Omicron subvariant BA.2 circulation is rapidly increasing globally.

Aim

We evaluated the neutralising antibody response from vaccination or prior SARS-CoV-2 infection against symptomatic infection by BA.2 or other variants.

Methods

Using 50% plaque reduction neutralisation tests (PRNT), we assessed neutralising antibody titres to BA.2, wild type (WT) SARS-CoV-2 and other variants in Comirnaty or CoronaVac vaccinees, with or without prior WT-SARS-CoV-2 infection. Titres were also measured for non-vaccinees convalescing from a WT-SARS-CoV-2 infection. Neutralising antibodies in BA.2 and BA.1 breakthrough infections and in BA.2 infections affecting non-vaccinees were additionally studied.

Results

In vaccinees or prior WT-SARS-CoV-2-infected people, BA.2 and BA.1 PRNT titres were comparable but significantly (p < 10 − 5) lower than WT. In each group of 20 vaccinees with (i) three-doses of Comirnaty, (ii) two CoronaVac followed by one Comirnaty dose, or (iii) one dose of either vaccine after a WT-SARS-CoV-2 infection, ≥ 19 individuals developed detectable (PRNT titre ≥ 10) antibodies to BA.2, while only 15 of 20 vaccinated with three doses of CoronaVac did.
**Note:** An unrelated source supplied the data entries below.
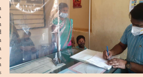
The paediatric TB screening camp at Belagavi

Belagavi is known to be one of the districts in Karnataka worst affected by malnutrition. A review of the TB patients by the BTB team in consultation with District TB Officer found that malnutrition is an issue in the intervention areas as well. The Shree Shakti Mahila Okkuta Sangh, a Self-Help Group in Ramdurg town, sought to address the issue. With support from the Anganwadi workers, the Sangh members put together a list of children suffering from malnutrition in their respective areas. A list of 32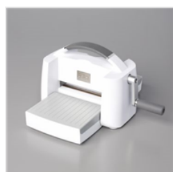
Stampin' Cut & Emboss Machine - 149653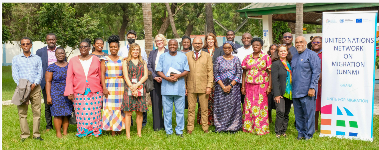
Participants of the project launch

On 22 February 2023, the Government of Ghana, the United Nations Network on Migration (Network) and the European Union (EU) launched the flagship project Building Migration Partnerships in Ghana.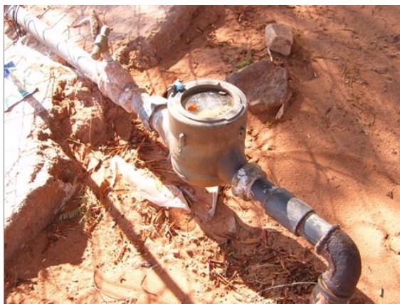
A conventional water meter in rural Namibia.

In Namibia the water flow accounts consider the source of water (natural and the supply agency), as well as the end-user. "Use"—losses not accounted for—are also considered in the accounts. There are 26 classifications of users in Namibia across the primary, manufacturing, service, government and household sectors.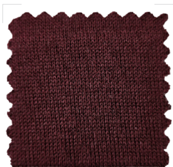
SEED Nm. 2/50 100% Cotton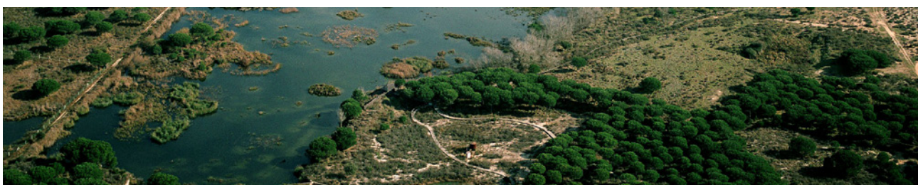
●● CENEAM Photo Library: J.M. Pérez de Ayala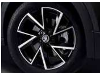
Vega Dual Tone Alloys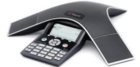
Polycom SoundStation Conference Phones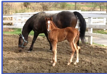
“Pippa” and UC Holiday Pride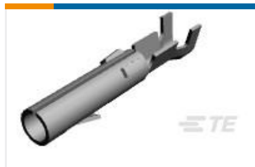
TE Part #60617-4 CMNL SOK PTPPHBZ L/P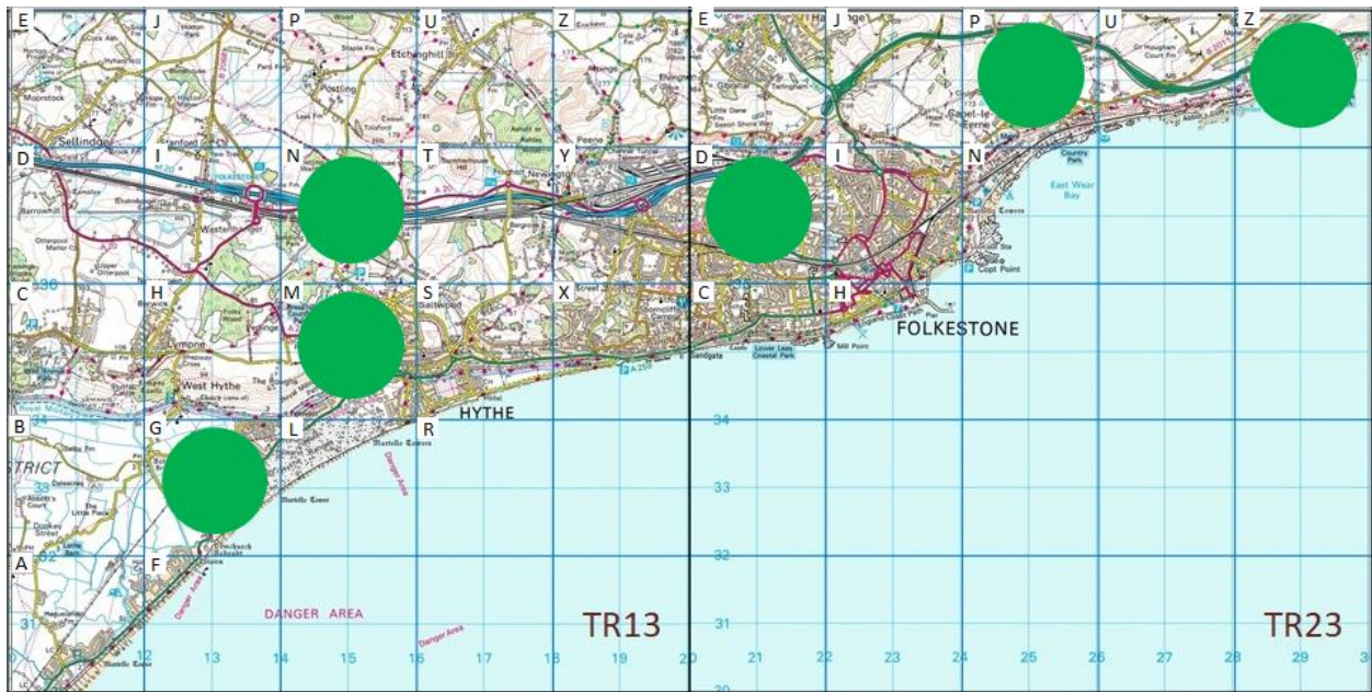
Figure 3: Distribution of all Corncrake records at Folkestone and Hythe by tetrad

Figure 3 shows the distribution of records by tetrad.

Comirnaty vaccination elicited higher titres to BA.2 than CoronaVac. In people convalescing from a WT-SARS-CoV-2 infection, a single vaccine dose induced higher BA.2 titres than three Comirnaty (p = 0.02) or CoronaVac (p = 0.00001) doses in infection-naïve individuals. BA.2 infections in previously uninfected and unvaccinated individuals elicited low (PRNT titre ≤ 80) responses with little cross-neutralisation of other variants. However, vaccinees with BA.1 or BA.2 breakthrough infections had broad cross-neutralising antibodies to WT viruses, and BA.1, BA.2, Beta and Delta variants.

Conclusions

Existing vaccines can be of help against the BA.2 subvariant.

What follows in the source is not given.